Na década de 80, o repórter de polícia era "assim com os hômi". O policial dava com o pé na porta das casas e ele entrava junto. Participava de interrogatórios, inclusive com violência. Havia até repórter que andava com arma escondida no tornozelo. Os direitos humanos e civis passavam longe da reportagem de polícia.

De lá para cá, a cobertura melhorou, mas ainda pode melhorar muito. Isso foi consenso entre jornalistas, gestores e pesquisadores no Seminário Temático Mídia e Segurança Pública, realizado em Brasília em 27 de maio. Promovido pelo Ministério da Justiça, o Instituto São Paulo contra a Violência, o Viva Rio e o Programa das Nações Unidas para o Desenvolvimento (Pnud), o evento é preparatório para a 1ª Conferência Nacional de Segurança Pública (Conseg), em agosto.

Ministro Tarso GenroO ministro da Justiça, Tarso Genro (foto), observou que os jornais têm caderno policial, mas não um espaço de reflexão sobre segurança e violência. “Exemplos de barbárie devem integrar um novo juízo sobre a questão da violência”, disse o ministro, que defendeu um “pacto civilizatório para novos tipos de intercâmbio informativo e de produção da mensagem.”

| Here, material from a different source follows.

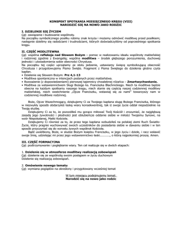KONSPEKT SPOTKANIA MIESIĘCZNEGO KRĘGU (VIII) NARODZIĆ SIĘ NA NOWO JAKO RODZIC ! I. DZIELENIE SIĘ ŻYCIEM Cel: zawiązanie i budowanie wspólnoty. Na początku symbolicznego posiłku robimy znak krzyża i możemy odmówić modlitwę przed posiłkiem; następnie dzielimy się radościami i trudnościami, których doświadczyliśmy od poprzedniego spotkania kręgu. ! II. CZĘŚĆ MODLITEWNA Cel: wspólna refleksja nad Słowem Bożym – pomoc w realizowaniu ideału wspólnoty małżeńskiej i rodzinnej zgodnie z Ewangelią; wspólna modlitwa – środek głębszego porozumienia, duchowej jedności i uświadomienia sobie obecności Chrystusa. Na początku tej części uprzątamy ze stołu jedzenie, ustawiamy święcę symbolizującą obecność Chrystusa i przygotowujemy Pismo Święte. Fragment z Pisma Świętego do dzielenia głośno czyta kapłan. • Dzielenie się Słowem Bożym: Prz 4,1-13 • Modlitwa spontaniczna w intencjach podanych przez małżeństwa. • Rozważenie (z dopowiedzeniami) pierwszej tajemnicy chwalebnej różańca – Zmartwychwstanie. • Modlitwa za wstawiennictwem Sługi Bożego ks. Franciszka Blachnickiego. Niech ta modlitwa będzie obecna na każdym spotkaniu naszego kręgu, niech stanie się częścią naszej codziennej modlitwy małżeńskiej, niech westchnienie „Ojcze Franciszku, wstawiaj się za nami” towarzyszy nam w codziennej modlitwie rodzinnej. ! Boże, Ojcze Wszechmogący, dziękujemy Ci za Twojego kapłana sługę Bożego Franciszka, którego w niezwykły sposób obdarzyłeś łaską wiary konsekwentnej, tak iż swoje życie oddał niepodzielnie na Twoją służbę. Dziękujemy Ci za to, że pozwoliłeś mu gorąco miłować Twój Kościół i zrozumieć, że najgłębszą zasadą jego żywotności i płodności jest oblubieńcze oddanie siebie w miłości Twojemu Synowi, na wzór Niepokalanej, Matki Kościoła. Dziękujemy Ci również za to, że przez tego kapłana wzbudziłeś na polskiej ziemi Ruch ŚwiatłoŻycie, który pragnie wychowywać swoich uczestników do posiadania siebie w dawaniu siebie i w ten sposób przyczyniać się do wzrostu żywych wspólnot Kościoła. Bądź uwielbiony, Boże, w słudze Bożym księdzu Franciszku, w jego życiu i dziele, i racz wsławić swoje Imię, udzielając mi przez jego wstawiennictwo łaski..........., o którą najpokorniej proszę. Amen. ! ! III. CZĘŚĆ FORMACYJNA Cel: podtrzymywanie i pogłębianie wiary. Ten cel realizuje się w dwóch etapach: 1. Dzielenie się w atmosferze modlitwy realizacją zobowiązań Cel: dzielenie się ze wspólnotą swoim postępem w życiu duchowym Dzielenie się realizacją zobowiązań. ! ! ! 2. Omówienie nowego tematu Cel: wymiana poglądów na określony i przygotowany wcześniej temat W tym miesiącu podejmujemy temat: Narodzić się na nowo jako rodzic !! !! !! ! Domowy Kościół dąży do odnowy małżeństwa i rodziny poprzez wdrażanie do postawy służby we wspólnocie Kościoła, według otrzymanych darów. ! !! ! ! Zasady DK, pkt. 11 W okresie Wielkiego Postu staje przed nami KRZYŻ Chrystusa. Tak bowiem Bóg umiłował świat, że Syna swego Jednorodzonego dał, aby każdy, kto w Niego wierzy, nie zginął, ale miał życie wieczne (J 3,16). Myśląc ludzkimi kategoriami nie takiej przyszłości pragnęlibyśmy dla własnych dzieci. Pragniemy, aby dzieci miały lepsze życie niż my sami, aby były zdrowe, wykształcone, kulturalne i wierzyły w Boga tak jak my. Nie zawsze te plany udaje się zrealizować; zdarza się, że dzieci wybierają drogę i styl życia, który nam się nie podoba, czasami cierpimy z tego powodu. Jeśli my ze swej strony zrobiliśmy wszystko, co należało zrobić w ramach katechumenatu rodzinnego: codziennie modliliśmy się wspólnie, czytaliśmy z dziećmi Słowo Boże, dzieliliśmy się wiarą, dawaliśmy świadectwo, kim jest dla nas Jezus i potwierdzaliśmy to świadectwo życiem, ale dzieci żyją jak poganie, odrzucają Boga, odrzucają Kościół i biorą przykład ze świata, to nadal pozostaje nam modlitwa o łaskę wiary dla nich i postawa świadków: uczciwych, potrafiących przebaczać, ufających Bogu w przeciwnościach, niosących swój krzyż. Czasami jednak patrzymy na sukcesy wychowawcze innych rodzin i chcielibyśmy, aby bez wysiłku i poświęcania dzieciom czasu podobnie było u nas, aby dobre relacje rodzinne „spadły nam z nieba”. Jak jednak trzeba systematycznie pracować nad jednością małżeńską, tak też i wychowywanie dzieci to projekt na wiele lat, wymagający naszego czasu i zaangażowania na kilku płaszczyznach. ! ! 1. Wychowywanie dzieci do żywej wiary – bliskiej relacji z Chrystusem. Co powinniśmy zrobić jako rodzice, aby ścieżki wiary były wspólne dla nas i naszych dzieci? Co robić w sytuacji, gdy dzieci/wnuki straciły wiarę i zagubiły się w sprawach doczesnych? Najważniejszym zadaniem rodziców jest przyprowadzenie dziecka do Chrystusa. Dlaczego? Jeśli wierzymy w życie wieczne, nie możemy ograniczać naszej rodzicielskiej troski do spraw ziemskich, takich jak jedzenie, mieszkanie i ubranie. Jeśli nawet zapewnimy dzieciom luksusy tutaj, na ziemi, to jest to niezmiernie krótki czas wobec wieczności. Zatem najpierw trzeba położyć właściwy fundament fundamentu bowiem nikt nie może położyć innego, jak ten, który jest położony, a którym jest Jezus Chrystus (1 Kor 3,11). Ksiądz Franciszek Blachnicki zauważył, że dziecko dochodzi do postaw religijno-moralnych przez uczestnictwo w postawach religijno-moralnych ludzi, z którymi jest związane więzami miłości i sympatii. Dziecko po prostu uczestniczy w sposobie postępowania, wartościowania, praktykowania dorosłych. Katecheza na lekcji religii nie zastąpi przekazu wiary, nie zastąpi modlitwy rodzinnej i regularnego czytania Słowa Bożego. Jeśli w domu dziecko co innego będzie słyszało i widziało niż w kościele i na katechezie, to zwycięży to, co widzi w domu. Np. jeśli byśmy mówi

A Coordenadora Nacional da 1ª Conseg, Regina Miki, destacou o papel da mídia no estado democrático de direito. “A população deve encarar a segurança como um direito fundamental e a mídia apóia nisso. Não estamos partindo do zero, mas de boas práticas”, afirmou. Regina disse que o sensacionalismo pode trazer insegurança e defendeu a criação de cursos de capacitação para jornalistas “atuarem na segurança para o bem”.

Denúncia e anúncio

O secretário nacional de Segurança Pública, Ricardo Balestreri, lembrou que no mundo contemporâneo a mídia é fundamental nos processos educativos que transformam as realidades sociais. Ele refletiu sobre as dimensões de denúncia e de anúncio da comunicação.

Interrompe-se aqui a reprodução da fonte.